Dr. Peter Werfft-Wessely (Wien, 8 October 1904 – 23 July 1970), an Austrian chemist, was a Luftwaffe fighter ace in World War II, and a chemical industry entrepreneur after the war. He was also a recipient of the Knight's Cross of the Iron Cross (). The Knight's Cross of the Iron Cross was awarded to recognise extreme battlefield bravery or successful military leadership.
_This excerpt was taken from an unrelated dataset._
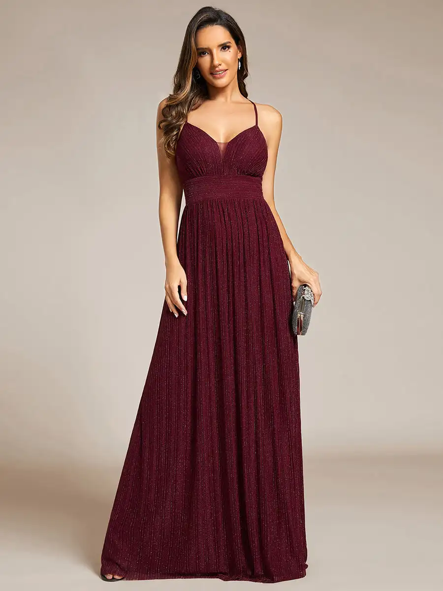 Fleepmart Elegant Evening Dresses Sparkle Sleeveless Backless Formal with V-Neck 2024 of Burgundy Bridesmaid Dress

Luftwaffe ace in World War II 
As a Gefreiter flying with I/JG 27 Werfft participated in the Battle of Britain; the two air victories which he scored against RAF Hawker Hurricane fighters on 27 September 1940 was his first.

Werrft served with JG 27 in North Africa during 1941–42, claiming five kills over the Desert Air Force. Werfft was commissioned as a Leutnant (Lieutenant) in late 1942. Service over Greece and the Balkans followed in 1943, where he claimed the destruction of a P-38 Lightning and three USAAF heavy bombers.

Werfft claimed 11 more heavies in 1944, he was a Hauptmann (Captain) by October 1944. He was awarded the Ritterkreuz on 28 January 1945.

At the end of World War II he was a Major and gruppenkommandeur of III./JG 27, flying a Messerschmitt Bf 109 G-6 fighter ("Yellow One") with a green fuselage band signifying dedication to Reich strategic airspace defence; he also had a total of 26 air kills.

On 3 May 1945 he disbanded his III./JG 27 in the Austrian Alps near Saalbach, together with the acting unit commander Hauptmann Emil Clade, eventually becoming a prisoner of war of the United States.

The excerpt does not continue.